I have long felt I needed a Bald Eagle to make it a threesome up there, and that would be all three of the raptors that are commonly seen soaring or flapping high overhead in Western Washington. I was delighted that this painting came together ok, I’ve had trouble in the past with Bald Eagles, and I made some misteps on this one publishing too soon when I got back from New Mexico and taking it down some dead ends, but I like it now.

Painting in the New Mexico bootheel tends to be really a great experience for me. I don’t have to go downstairs to paint, like I do in Seattle, so I can stay closer to Delia. Plus the light is unbelievable down there, what with less latitude and less atmosphere, we’re at 5700 ft. elevation.
This Pileated start is from a photo I took in Seward Park. It will be a challenge to get the background to look like backlit oldgrowth forest, but I feel like the Pileated is already pretty close.

I started a painting of a Trogon–the species that traditionally nests in SE Arizona’s riparian canyons, about five years ago and it failed of boredom, something was wrong. This start is much more promising, just need a little time to get it done hopefully without losing the feel that it has now.

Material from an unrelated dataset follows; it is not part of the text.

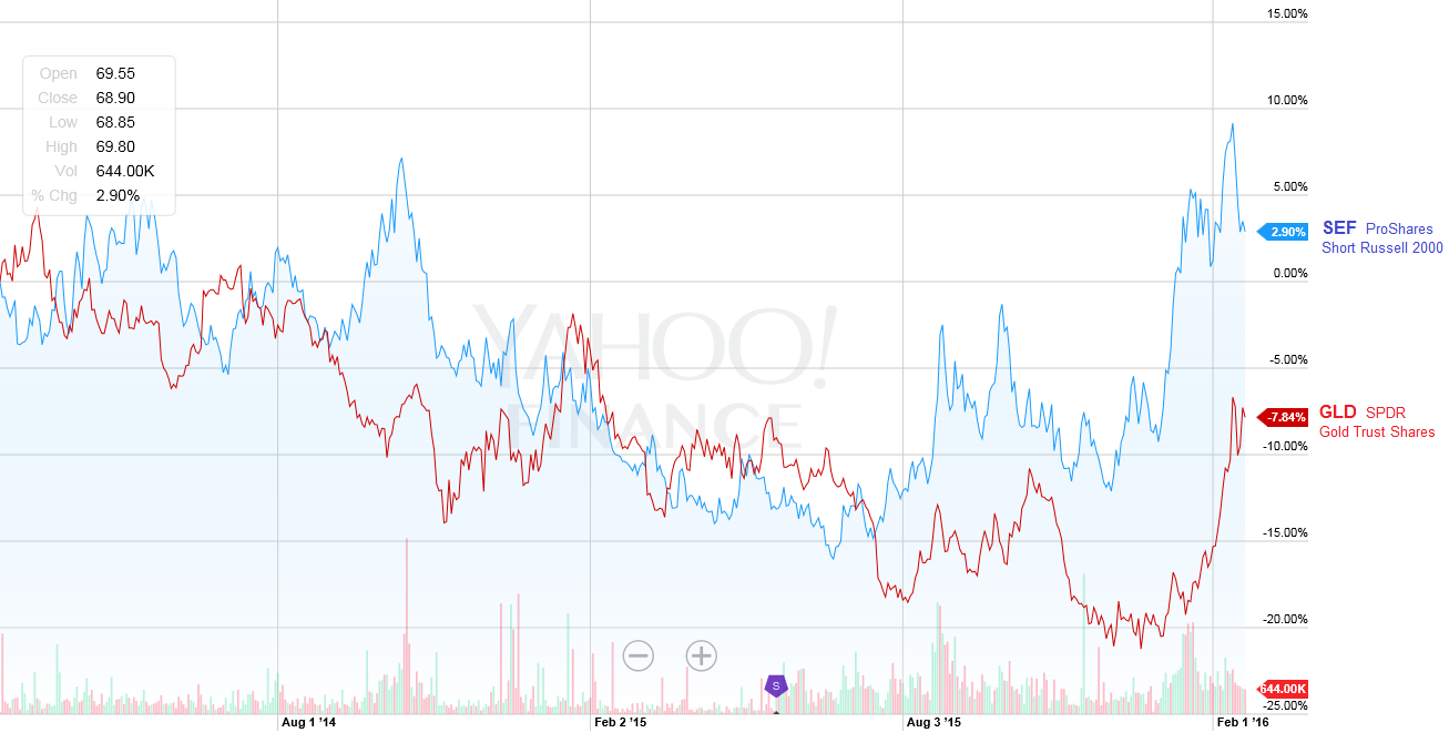 So is gold just being inverse to the broad stock market? Let's take a good measure of that with the 2000 stocks of the Russell:

This painting has a strange history. I took a snapshot of a Blue-winged Teal circa 1982 at the Seattle Zoo, and it had the magic, I thought I might paint from it someday. Then about 12 or 15 years later a corrupt, in the sense of more interested in his own aggrandizement than doing his job, art-promoter demanded all the artists paint a small painting for him as well as the entrance fee. I dashed off a small painting from the shot and thought that painting was exceptional, and I became a bit bitter that I wouldn’t be able to use it for my own purposes, as it was too small to reproduce at the time. After painting it once, I didn’t feel like painting it again, that impulse was spent. But there’s an expiration date on all this stuff, and it passed, and I feel mean-spirited in fact for telling the story, and I’m having a blast now painting from this ref shot and another one slightly similar I found in a Ducks Unlimited magazine where the Teal was letting the viewer see his blue wing. (I paint free-hand but am very reliant on reference photos, especially in getting the painting underway.

Common Yellowthroat is a Bird that occupies a special place in my heart, as I’m sure it does others. It used to nest on our property back in Pennsylvania when I was growing up in the 60’s. It has a delightful song that is the soundtrack of a healthy wetland. It is terminally cute. I’m working from a shot I took out in the Snoqualmie Valley in 2023. The Bird was foraging around in Cottonwood foliage that was hanging down to the ground near the Snoqualmie River.